WHAT IS BEING ASKED: From the first line of the data below through the line holding "Sikkens, магазин автоэмалей", output each line exactly and leave the pictures out.

SOURCE MATERIAL:
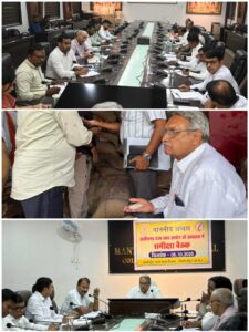 बिलासपुर // राज्य खाद्य आयोग के अध्यक्ष संदीप शर्मा एवं सदस्य ज्योति कश्यप, राजेन्द्र महिलांगे तथा सचिव राजीव जायसवाल के द्वारा बिलासपुर जिले के दौरे पर रहे। अध्यक्ष शर्मा ने भ्रमण के बाद जिला पंचायत सीईओ संदीप अग्रवाल की उपस्थिति में जिला कार्यालय के मंथन सभा कक्ष में खाद्य विभाग, स्कूल शिक्षा विभाग, आदिवासी विकास विभाग, महिला एवं बाल विकास विभाग, नागरिक आपूर्ति निगम के आयोग से सम्बंधित कार्यों की समीक्षा की गई। उन्होंने समीक्षा बैठक में राज्य खाद्य आयोग का शिकायत कॉल सेन्टर नम्बर 18002333663 एवं 1967 का उचित मूल्य दुकानों, मध्यान्ह भोजन संचालित स्कूलों, छात्रावासों, आगंनबाड़ी केन्द्रों में प्रदर्शित कराने के निर्देश दिये गये। साथ ही फोर्टिफाईड चावल के लाभ एवं उपयोग की जानकारी के व्यापाक प्रचार-प्रसार करने एवं इस बारे में प्रामाणिक जानकारी चस्पा कराने के निर्देश दिये गये।
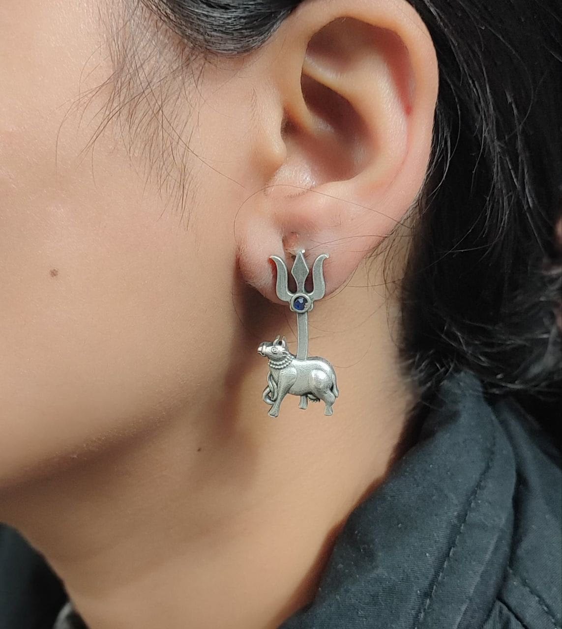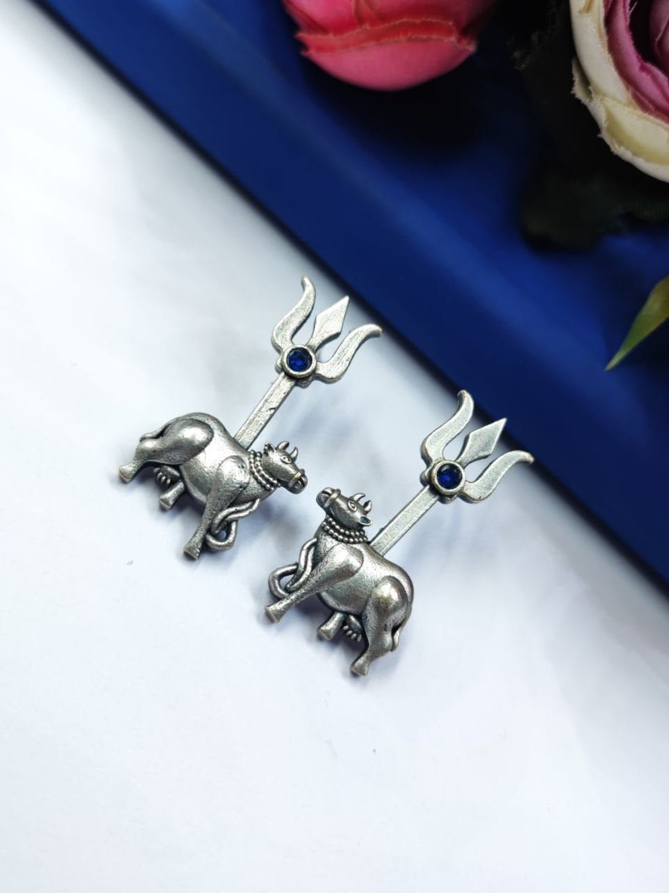 Blue Traditional Trishul Kam Dhenu Cow Earrings in Brass Silver Replica Gypsy Casual Wear Jewellery for Women
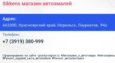 Sikkens, магазин автоэмалей по адресу 663300, Красноярский край, Норильск, Лауреатов, 94а в дальнейшем Организация, размещена в следующих категориях:
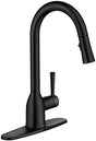 Moen Adler Matte Black One-Handle High Arc Kitchen Sink Faucet with Power Clean, Modern Kitchen Faucet with Pull Down Sprayer, 87233BL

COMPLETED EXERCISE:
 बिलासपुर // राज्य खाद्य आयोग के अध्यक्ष संदीप शर्मा एवं सदस्य ज्योति कश्यप, राजेन्द्र महिलांगे तथा सचिव राजीव जायसवाल के द्वारा बिलासपुर जिले के दौरे पर रहे। अध्यक्ष शर्मा ने भ्रमण के बाद जिला पंचायत सीईओ संदीप अग्रवाल की उपस्थिति में जिला कार्यालय के मंथन सभा कक्ष में खाद्य विभाग, स्कूल शिक्षा विभाग, आदिवासी विकास विभाग, महिला एवं बाल विकास विभाग, नागरिक आपूर्ति निगम के आयोग से सम्बंधित कार्यों की समीक्षा की गई। उन्होंने समीक्षा बैठक में राज्य खाद्य आयोग का शिकायत कॉल सेन्टर नम्बर 18002333663 एवं 1967 का उचित मूल्य दुकानों, मध्यान्ह भोजन संचालित स्कूलों, छात्रावासों, आगंनबाड़ी केन्द्रों में प्रदर्शित कराने के निर्देश दिये गये। साथ ही फोर्टिफाईड चावल के लाभ एवं उपयोग की जानकारी के व्यापाक प्रचार-प्रसार करने एवं इस बारे में प्रामाणिक जानकारी चस्पा कराने के निर्देश दिये गये।
 Blue Traditional Trishul Kam Dhenu Cow Earrings in Brass Silver Replica Gypsy Casual Wear Jewellery for Women
 Sikkens, магазин автоэмалей по адресу 663300, Красноярский край, Норильск, Лауреатов, 94а в дальнейшем Организация, размещена в следующих категориях:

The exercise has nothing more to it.